NÃO PODE, OBVIAMENTE. Mas um presidiário, mito do crime organizado, estava preso junto com um armamento variado e de alto poder de fogo. Falamos do condenado Jair Messias, o Boçalnauro. Um vagabundo de extrema periculosidade, delinquente capaz de passar adiante armas de sua propriedade e que, segundo a Lei, deveriam estar resguardadas em cofre apropriado. Sua biografia, de domínio público, deveria ter-lhe impedido a inscrição como CAC. Ele nunca se cansou de repetir ter sido “treinado para matar”, de festejar “CPFs cancelados”, além de defender o fuzilamento de adversários políticos, como o então presidente Fernando Henrique Cardoso. E mais, apesar de todo adestramento, oficialmente recebido no tempo fardado, provou ser incapaz de usar corretamente uma arma em situações de risco.

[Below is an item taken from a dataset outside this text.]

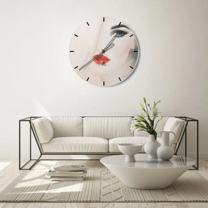 Ceas de perete - Ceas pe sticlă - Portret artistic al unei femei cu buze roșii și ochi albaștri - 30x30cm - Hipnotizează și intoxică - Decorațiune modernă pentru perete pentru living, bucătărie și dormitor ARTTOR

TAMANHO É O DESPREPARO de Jair B no manuseio de armas, que “bateu coco” na primeira oportunidade em que poderia demonstrar a destreza como Oficial Combatente do Exército Brasileiro. Consta que o parasita hoje detido teria cursado cinco anos de educação bélica (um ano numa escola preparatória de cadetes, mais quatro anos na Academia Militar das Agulhas Negras) e se “qualificado” como capitão paraquedista. Mas que oficial, hein? Incapaz de se defender de um reles assalto de rua – no qual perdeu uma pistola 9mm, de uso privativo, para o primeiro assaltante que topou pela frente. Incapaz também de, mesmo postado em posição elevada, se defender de uma faca de cozinha... E a nação investe algo como R$ 500 mil para formar um oficial! Essa estimativa de custo é uma informação da IA Google, mas fico com a impressão de que esse valor seria muito maior...
ESSE DESQUALIFICADO, independentemente da merecida condenação (que hoje curte confortavelmente refastelado em seu chatô), não poderia jamais portar sequer um canivete. Mas tem registrado em seu nome – e ao alcance se sua finória mão, na mansão que lhe serve de “detenção” – um arsenal composto de 11 armas de alto poder de fogo, a saber, segundo levantamento publicado pelo UOL, em 03/07/2026: Pistola Forjas Taurus, calibre .380 Automatic; Pistola Forjas Taurus, calibre .40 Smith & Wesson; Pistola Glock, calibre 9x19 COLOmm Parabellum; Carabina/Fuzil Caracal, calibre 5,56x45 mm; Pistola Caracal, calibre 9x19 mm Parabellum; Carabina/Fuzil Springfield Armory, calibre 7,62x51 mm; Espingarda Typhoon, calibre 12 GA; Pistola Arex, calibre 9x19 mm Parabellum; Pistola SIG-Sauer, calibre 9x19 mm Parabellum; Espingarda Maestro Arms Company, calibre 12 GA... e mais a pistola Glock 9mm que ele achou melhor jair dando ao sargento Estácio Leite da Silva Filho, arma apreendida durante uma blitz em Brasília. Tem jeito isso?
EM FUNÇÃO DA APREENSÃO da arma repassada pelo apenado Jair ao sargento (patente preferida pelo ex-capitão para intimidades), caiu a ficha no STF. A Justiça lembrou-se de que aquele presidiário não só tinha um arsenal poderoso registrado em seu nome, como está “preso” no mesmo sítio onde guardava todo esse armamento. Ainda que tardiamente, tomou-se a indispensável medida de jair cassando o registro como CAC desse bandido atualmente encarcerado, e jair apreendendo toda a vasta armaria então sem seu poder. Aplausos, pois – mesmo com atraso – cada vagabundo desarmado é um perigo a menos para a sociedade. Mas que não seja cancelado o CPF, como obstinadamente defendido (para outrem) por Jair Messias e seus bolsonaristas fiéis. Basta seguir a Lei: desarma e prende, não necessariamente nesta ordem.